I also wonder sometimes how it is that there are so many beautiful, kind, loving people on the earth and not one of them has entered my life. Not even passed through it, or having showed that side to me, even by accident. they all have love maybe, for specific types of people, but not people like me... and I just wonder how it is.
and I think this is my favorite line: "And I felt I was on fire, with the things I could have told you. I guess I just assumed that you eventually would ask" ... story of my life...
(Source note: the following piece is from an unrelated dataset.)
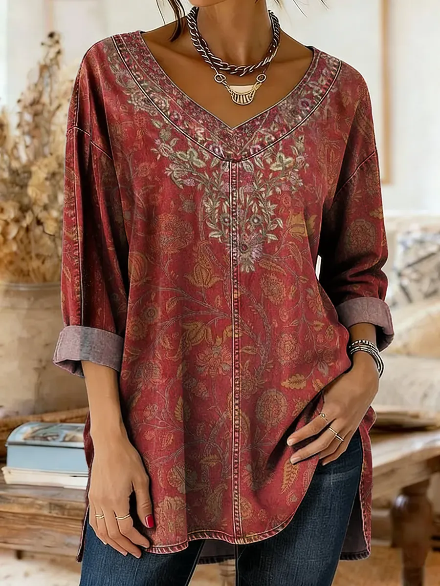 Women's Bohemian Retro Floral Art Print Casual V-neck Long-sleeve Washed Denim Shirt

I'm not sure if Bright Eyes thought about this with those lyrics, but it hits deeper than they might have intended.
Where the forest and the water become one
And we talked about our childhood, like a dream we were convinced of
That perfect peaceful street where we came from."
I love this part of the song so much.
Last year I moved to Olympia, Washington to live with my brother.
And although I hated living there these part of the song reminds me of
getting closer to family and all the talks we had
while shivering under our blankets.
=]
I guess I just assumed that you eventually would ask
And I wouldn’t have to bring up my so badly broken heart
And all those months I just wanted to sleep
I just wish she could see this, and understand it, no questions asked.
In my opinion, most of this song is strait forward and poetic- the only line that seems a little obscure to me is "he is still shaking from those secrets that were told by a car closed up too tight and a heart turned cold."
I have given this line a bit of thought and think it could be referring a road trip. Everybody's locked in the car driving down the road and a cold-hearted someone lets out his brother's secret, which shakes his brother up.